● Work instructions: Leave the images out and repeat the data exactly as given.

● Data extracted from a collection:
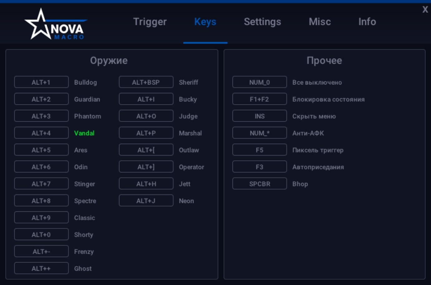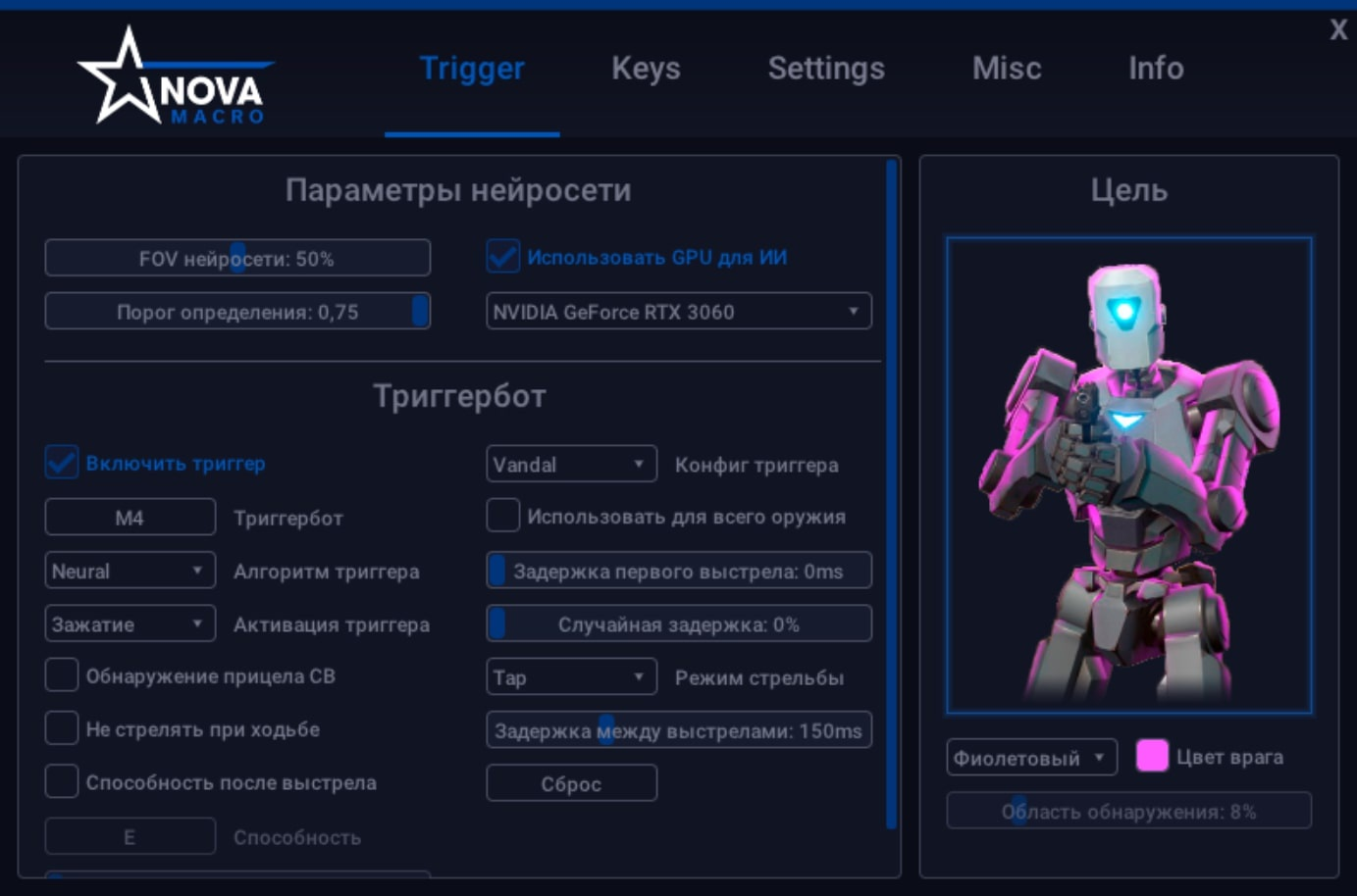 Nova Trigger - один из топовых провайдеров приватных читов для различных игр. Данный чит на Valorant, зарекомендовал себя с лучшей стороны, регулярные обновления, хороший функционал, много положительных отзывов и все это по доступной цене!
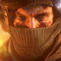 the midst of battle or action. The character's attire and gear suggest he could be a soldier or a member of special forces, equipped for combat in what appears to be a war-
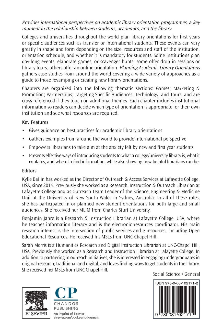 Gives guidance on best practices for academic library orientationsGathers examples from around the world to provide international perspectiveEmpowers librarians to take aim at the anxiety felt by new and first year studentsPresents effective ways of introducing students to what a college/university library is, what it contains, and where to find information, while also showing how helpful librarians can be
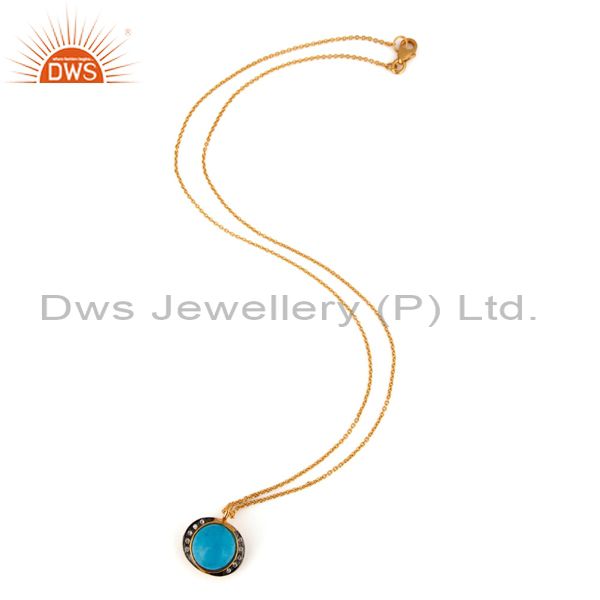 Handcrafted Turquoise Gemstone 925 Sterling Silver Gold Plated Pendant Jewelry
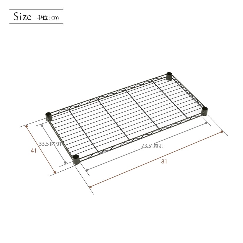 商品仕様 商品シリーズ ルミナスノワール スチールシェルフ 幅80 奥行40 外形寸法 幅81×奥行41cm シェルフ内寸 幅73.5×奥行33.5cm 備考 同規格の棚板を使用したラックへの追加、ルミナス25mmパーツとの組み合わせが可能です。

● Your response:
 Nova Trigger - один из топовых провайдеров приватных читов для различных игр. Данный чит на Valorant, зарекомендовал себя с лучшей стороны, регулярные обновления, хороший функционал, много положительных отзывов и все это по доступной цене!
 the midst of battle or action. The character's attire and gear suggest he could be a soldier or a member of special forces, equipped for combat in what appears to be a war-
 Gives guidance on best practices for academic library orientationsGathers examples from around the world to provide international perspectiveEmpowers librarians to take aim at the anxiety felt by new and first year studentsPresents effective ways of introducing students to what a college/university library is, what it contains, and where to find information, while also showing how helpful librarians can be
 Handcrafted Turquoise Gemstone 925 Sterling Silver Gold Plated Pendant Jewelry
 商品仕様 商品シリーズ ルミナスノワール スチールシェルフ 幅80 奥行40 外形寸法 幅81×奥行41cm シェルフ内寸 幅73.5×奥行33.5cm 備考 同規格の棚板を使用したラックへの追加、ルミナス25mmパーツとの組み合わせが可能です。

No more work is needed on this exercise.